I can’t find the accurate way to use this index on arrays. Not to say that this regular expressions seems to be so specific that they end losing the flexibility of using them (they end looking more like a oneofterms or a anyofterms so they lose their purpose/functionality). For example:

I have this schema:

mutation {
    schema {
        group: string @index(exact,term) .
        name: string @index(exact,term) .
        array_str: [string] @index(trigram) .
    }
}

Then I add this data (I don’t know if there is a shortcut to massively add all the “array_str” elements, please tell me if there is one):

mutation {
  set {
    _:root <group> "test" .
    _:root <name> "root" .
    _:root <array_str> "first" .
    _:root <array_str> "second" .
    _:root <array_str> "third" .
    _:root <array_str> "fourth" .
  }
}

But making queries like the following won’t work at all:

{
  root(func:regexp(array_str, /.*rd$/))@filter(eq(group,"test") and regexp(array_str,/.*rd$/)){
    expand(_all_)
  }
}

RETURNS: Regular expression is too wide-ranging and can’t be executed efficiently.

{
  root(func:regexp(array_str, /[a-z]+rd$/))@filter(eq(group,"test") and regexp(array_str,/[a-z]+rd$/)){
    expand(_all_)
  }
}

RETURNS: Regular expression is too wide-ranging and can’t be executed efficiently.

{
  root(func:regexp(array_str, /third/))@filter(eq(group,"test") and regexp(array_str,/third/)){
    expand(_all_)
  }
}

RETURNS: NOTHING - Showing 0 nodes and 0 edges (I will expect the just inserted node as it contains “third”)

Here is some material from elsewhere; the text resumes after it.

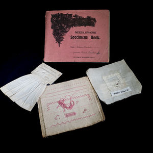 They were sewn as teaching aids by Clair Parlett, who was possibly aged 14 or 15 at the time. The illustration shows a seven page specimen book with eight samples of work. Most of the items were sewn by Clair and include: a gathered cuff with a worked buttonhole in pale blue thread and a covered button; two different techniques for use in an applied calico mending patch, and a paper pattern for a chemise sleeve.
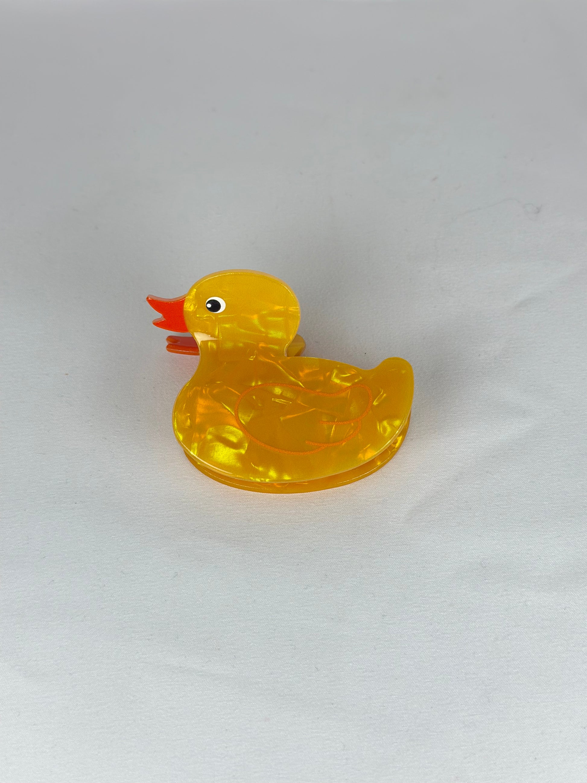 Esta pinza de pelo con forma de patito amarillo tiene el encanto de los objetos que mezclan humor y ternura. Su diseño, que recuerda al clásico pato de goma, aporta un toque nostálgico y divertido a cualquier peinado. Perfecta para sujetar el pelo con un punto de originalidad desenfadada, es un accesorio que no pasa desapercibido y que invita a jugar con el estilo desde lo cotidiano.

Any suggestions to make this work? Seems like right now this index doesn’t provides hard regex functionality and is just another way of implementing “anyofterms” and “oneofterms”.

Thank you!

Hey @RafaARV,

This error is thrown if your regexp returns more than a million results. Executing a query like this can cause a huge memory spike, something better avoided.

I don’t know if there is a shortcut to massively add all the “array_str” elements, please tell me if there is one

Maybe not in this one, but in the upcoming v0.9 release onwards, we’re going to move all mutations to JSON and then you would be able to set all the elements of array directly.

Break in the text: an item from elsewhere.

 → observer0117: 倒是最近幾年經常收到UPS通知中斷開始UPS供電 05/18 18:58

Make the regexp more specific so it generates less than a million results.

Thank you Manish,

This error is thrown if your regexp returns more than a million results.

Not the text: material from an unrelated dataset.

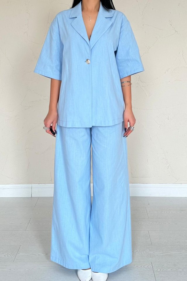 Bej Önü Tek Düğmeli Ceket Pantolon Takım

Make the regexp more specific so it generates less than a million results.

But this was a clean database with only one node (“_:root”), it is not even close to the million of results not even that possibility exists yet (only one node in database).
Making that calculation only by prediction is too arbitrary because most regex operators will result simply banned, for example:

  • Operators like “*” or “+” will be banned as they could reach infinity.

Shouldn’t the efficiency of the queries relay on how much knowledge the user has in making efficient queries among its data and not simply ban the opportunity of making them?

Thank you!.

There’s no prediction in the system. It runs the regexp, and only if it ends up matching more than a million results, would it throw this error. If there’s only one result, something weird is going on. Can you please file a bug?

This topic was automatically closed 30 days after the last reply. New replies are no longer allowed.